Some pointed out that using std::random_device is nice while others suggested it can throw for a number of reasons and should be avoided or try/catched (see: Using same random number generator across multiple functions).

  • In using one random engine for multi distributions in c++11, it was suggested that, when simulating a random or brownian motion in n-dimensions (n=2 in the example given by MosteM), you need one generator per dimension, otherwise they become correlated, producing an artificial drift. While I agree with this assertion, what is the validity of this assertion given the (huge) period of the generator? If the simulation is large (high number of steps)? Should we always use one generator per dimension as a security? It appears to be in contradiction with the lead reply in how to generate uncorrelated random sequences using c++

  • Finally, given Zsim example, when you add a const qualifier to a method and draw for the binomial distribution:

    int Zscim::get_randomB() const
    { 
        std::binomial_distribution<int> B_distribution(9, 0.5); 
        int number = B_distribution(engine);
     }
    

the compiler throws an error: expression having type 'const std::tr1::default_random_engine' would lose some const-volatile qualifiers in order to call 'unsigned long std::tr1::mersenne_twister<_Ty,_Wx,_Nx,_Mx,_Rx,_Px,_Ux,_Sx,_Bx,_Tx,_Cx,_Lx>::operator()(void)

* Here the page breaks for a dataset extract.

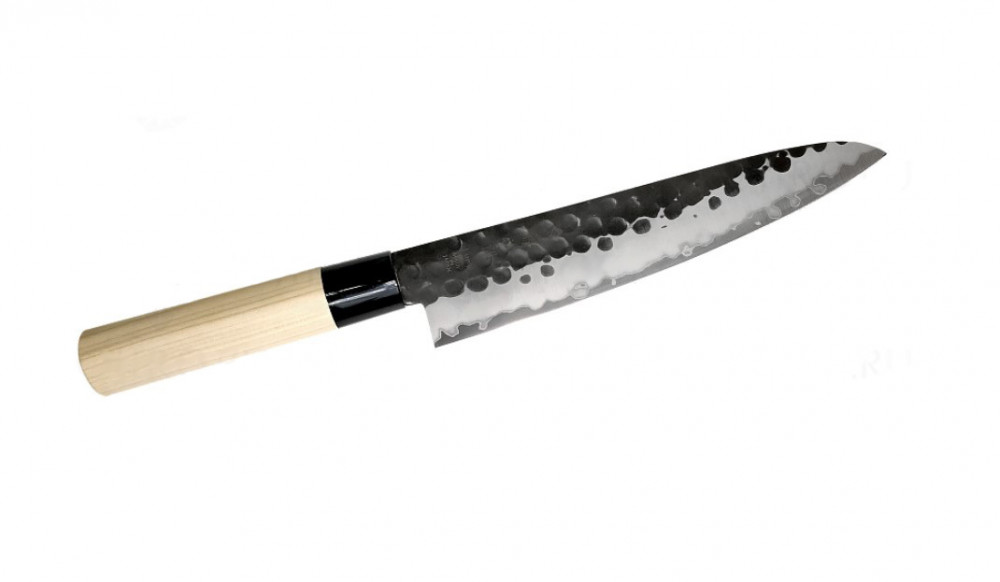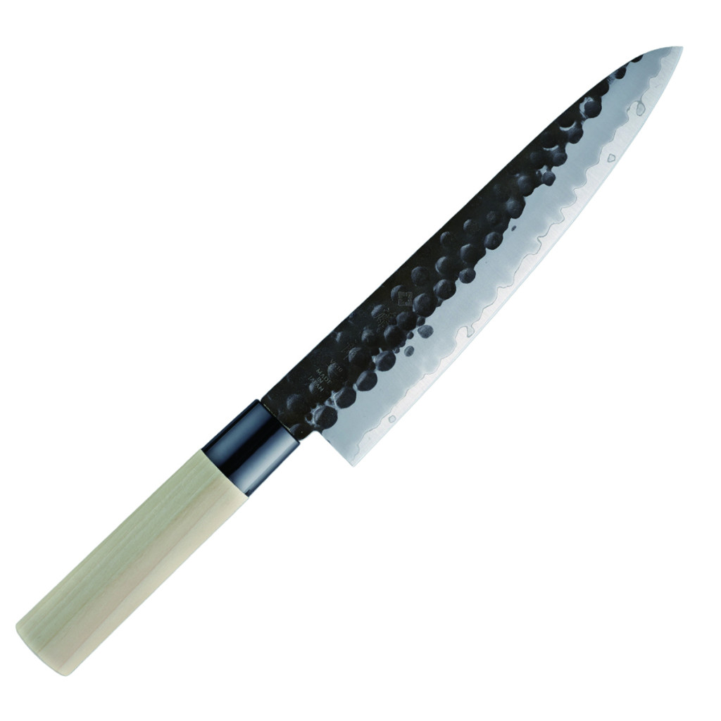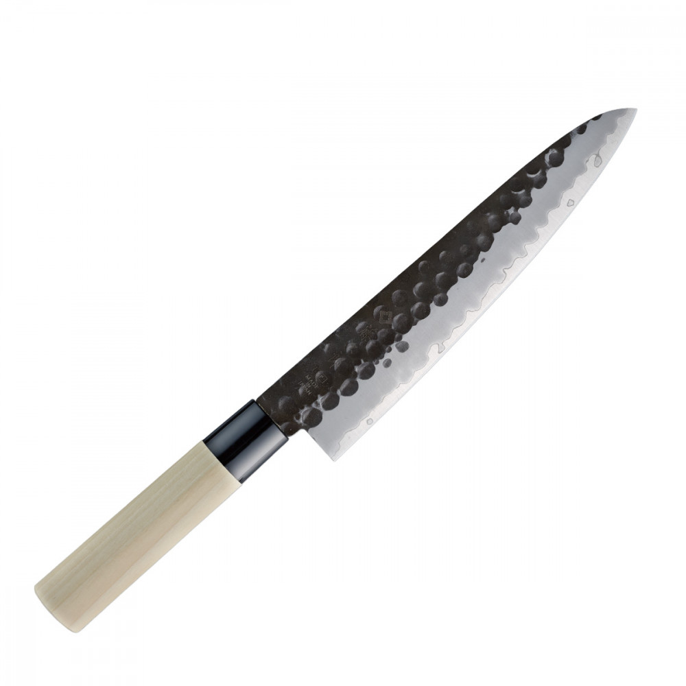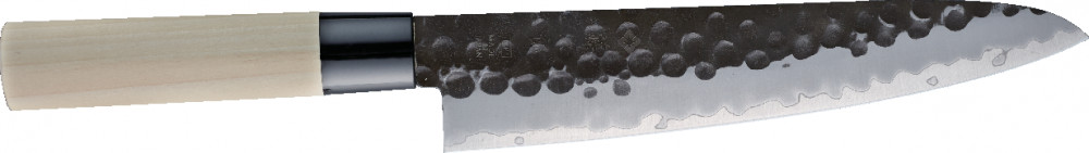 Ez a hagyomány és a modern technológia ötvözete. A mag VG-10 acélból, a külső rétegek pedig 13 Chrom rozsdamentes acélból készültek. A kurouchi felület általában könnyen rozsdásodik, de a penge felületére átlátszó bevonatot visznek fel, hogy megakadályozzák a rozsdásodást. A kalapált textúra nem csupán esztétikai elem, hanem hatékonyan megakadályozza az ételek a pengéhez való tapadását. A markolat sima textúrájú, vízálló japán magnóliafából készült.

Suggesting that the generator 'engine' is altered in some way when calling the distribution. What is causing this?


Solution

  • If you read about UniformRandomBitGenerator you will find that the random generator will generate random bits which ideally are pretty much independent from one another, to the extent the PRNG in question can achieve this. So essentially every call to engine() will generate one almost uncorrelated integer. It's the task of the distribution to make the appropriate number of calls to this. A single bit distribution might make a single call to a 32bit engine for every 32 calls to the distribution itself, caching unused entropy between calls. Conversely a double precision number generator might use entropy from two 32bit engine results to determine all 53 mantissa bits of a double. The engine doesn't care which distribution consumes its random bits, so using the same engine in different distributions isn't a problem.

    If you read https://en.wikipedia.org/wiki/Mersenne_Twister you will find that it is

    k-distributed to 32-bit accuracy for every 1 ≤ k ≤ 623 (for a definition of k-distributed, see below)

    So if you use std::mt19937 I'd say you should be safe to use the same engine in up to 623 different distributions, no matter whether they are of the same or different types. For more distributions it depends on how they are to be used, but in most cases I wouldn't worry too much either.